Regardless of what kind of technology you prefer, however, you’re certainly going to want to consider a handful of metrics that are useful for judging equipment.
Resolution Vs. Precision Vs. Accuracy
When considering scales, three main qualities determine whether they are working properly, the first of which is resolution. Resolution is the value that tells the user how close the scale can read to the object’s true weight. For example, a scale may have a resolution of one gram. What this means is that if an object weighs 20 grams, then the scale will give a reading for the object up to one gram either way from the object’s true weight.
Precision differs from accuracy because accuracy is needed once, precision is needed all of the time. If you weigh the same object repeatedly but get different measurements each time, then the scale has low precision. On the other hand, if you get the same reading every time you weigh the object, then you have perfect precision.
However, precision does not equate to accuracy. For example, if the resolution of the scale is low, even with perfect precision, it will not give you the true weight of an object. In order to have high accuracy, the scale must have both high resolution and high precision.
In fact, it’s possible to create an extremely precise scale that will never return the true weight of an object laid on it. In the past, some retail scale vendors would actually go around bragging about the quality of admittedly bad scales. The reason was, simply, precision on them was really high in spite of all the other metrics being low.

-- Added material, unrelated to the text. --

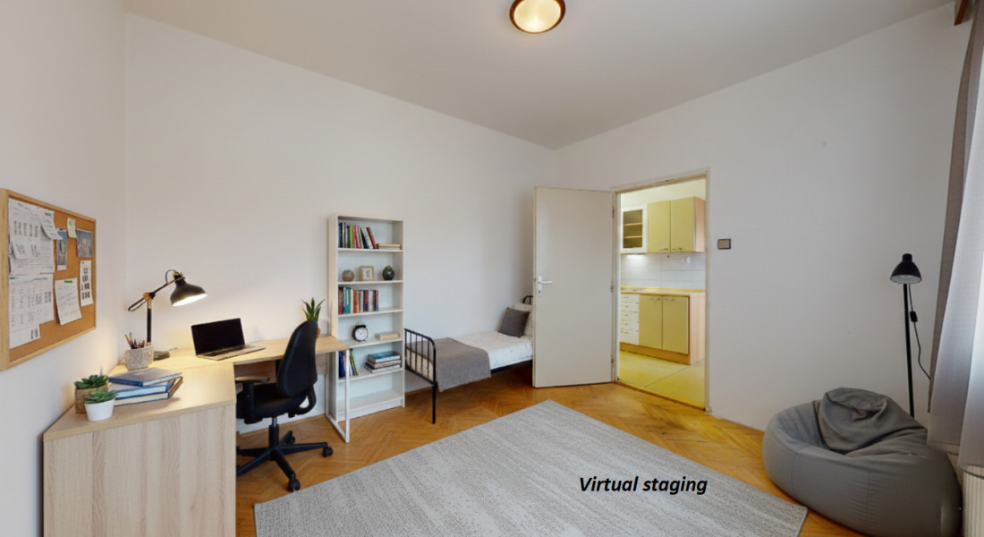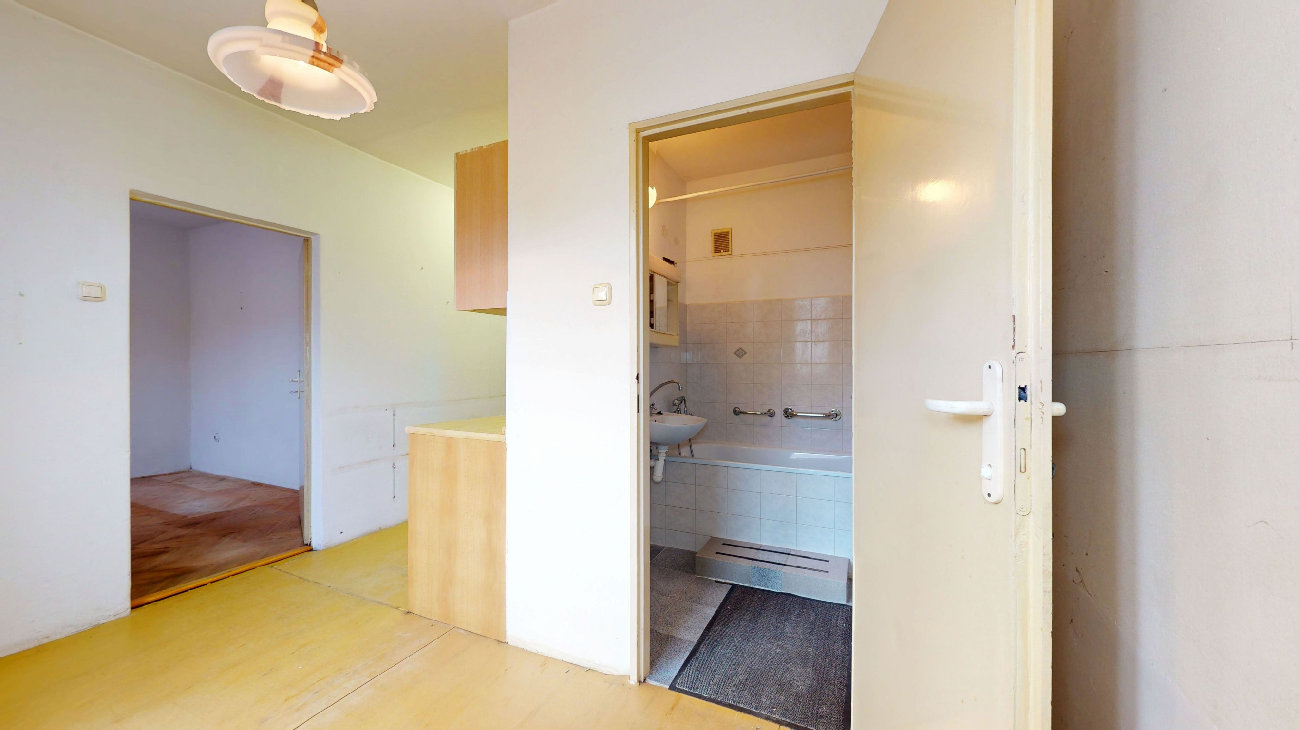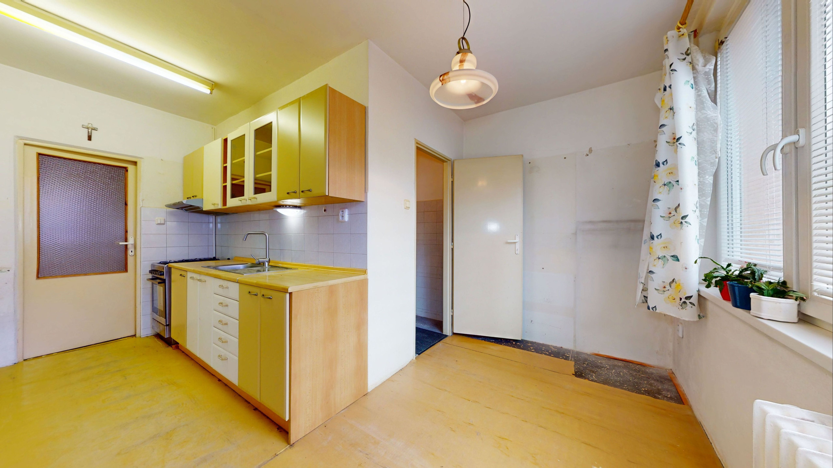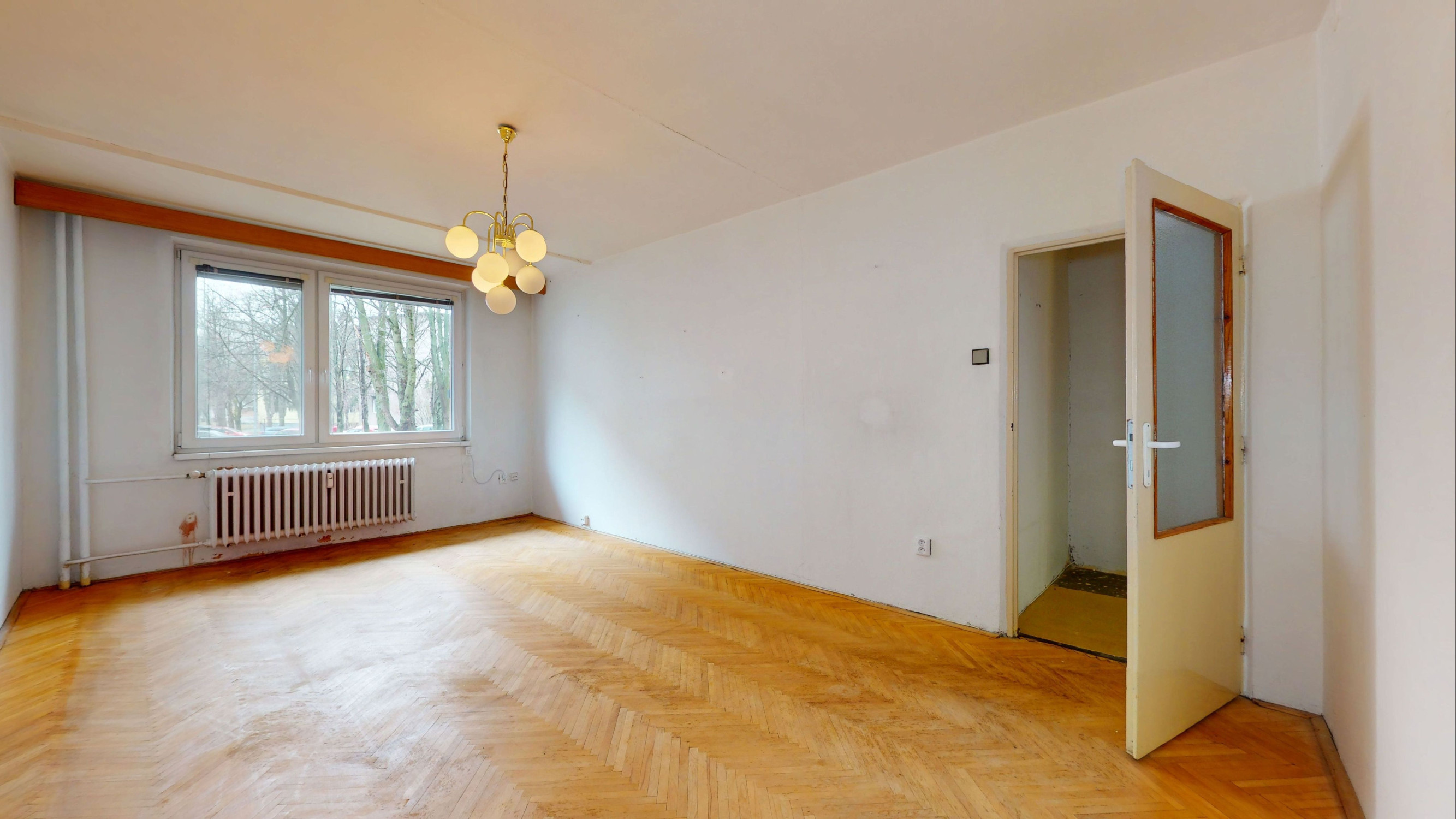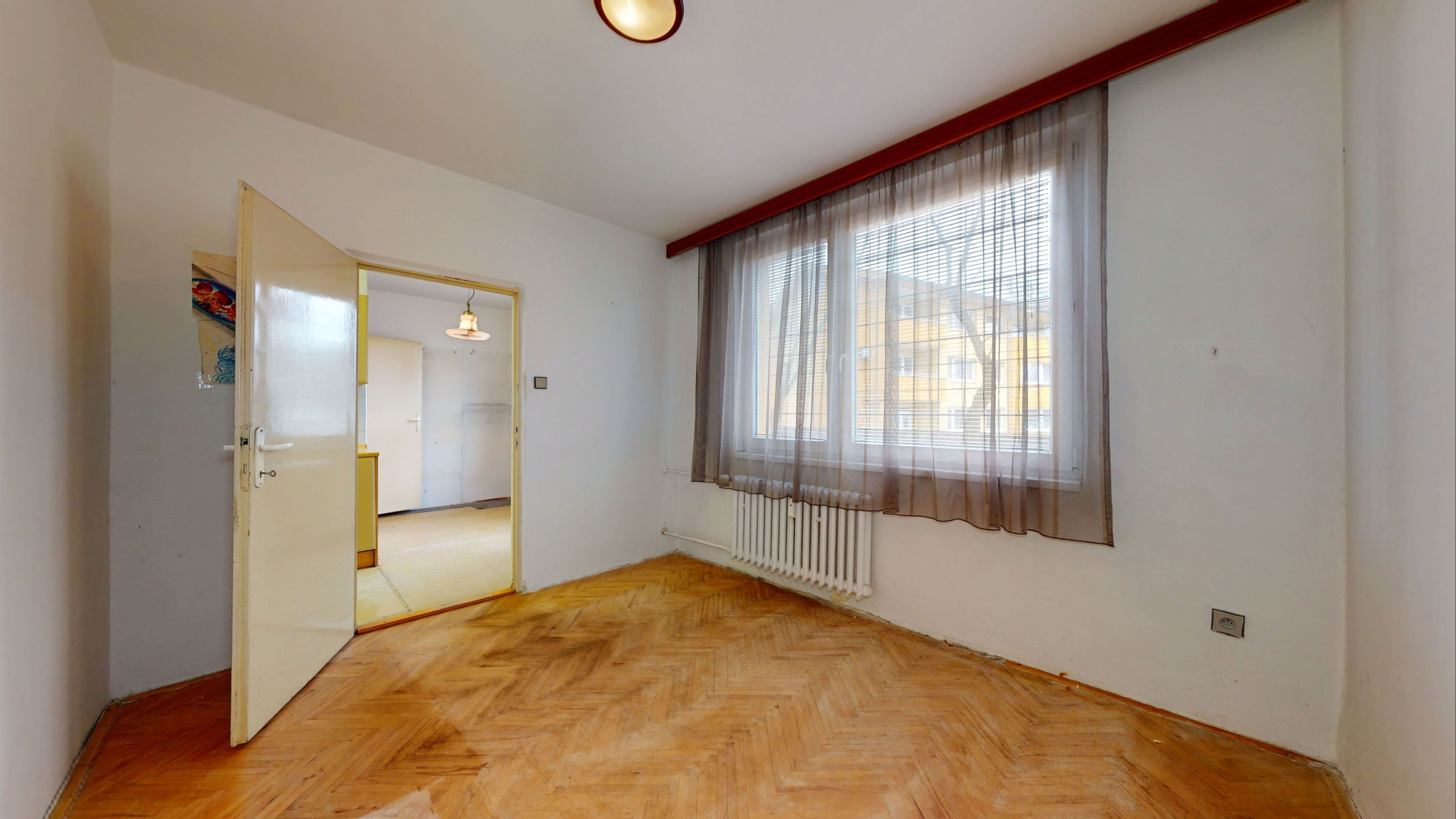 V byte sú plastové okná s interiérovými žalúziami, kúpeľňa po staršej rekonštrukcii, pôvodné drevené parkety, ostatné je v pôvodnom stave.

Technically, those kinds of claims don’t constitute false advertising since the person making them isn’t claiming anything that’s untrue. Rather, they’re merely withholding information to make their products look better than they are.
Don’t fall into that kind of trap. Make sure that you’re working with a legitimate vendor that has experience in the field. While you’re at it, learn a little more about why scales may not be as accurate as they initially look to be.
Why Scales May Not Be Accurate
Over time, scales can lose accuracy due to plain old wear and tear due to regular use and age. Scales must maintain their original balance for accuracy. Over time, however, they tend to lose this balance and they will require recalibration.
Electronic scales may suffer malfunction in the circuitry over time that can cause loss of accuracy. Even new scales may become inaccurate in certain conditions especially in extreme temperatures. For this reason, the most accurate scales will have high-temperature stability.
Additionally, new scales may lose accuracy in rough conditions especially when equipment is subject to vibration and jarring. In outdoor, industrial and similar environments, it is necessary to clean weighing equipment to maintain accuracy, especially for high precision work.
Eventually, scales even get dirty and potentially corroded. Cylinder scales should be made from a durable material like stainless steel, for instance. Those that aren’t will eventually start to suffer if they’ve been repeatedly exposed to fluids in the course of work. Those who work under certain specific conditions will also find that moisture levels in their home business community will cause similar problems.
For instance, think about a cosmetics facility that has to maintain a certain humidity level. This will surely start to eat away at scales that aren’t designed to remain durable against all odds. In some cases, only the most durable scales could ever be safely used anyway. This is because of of the presence of hazardous materials in a work environment.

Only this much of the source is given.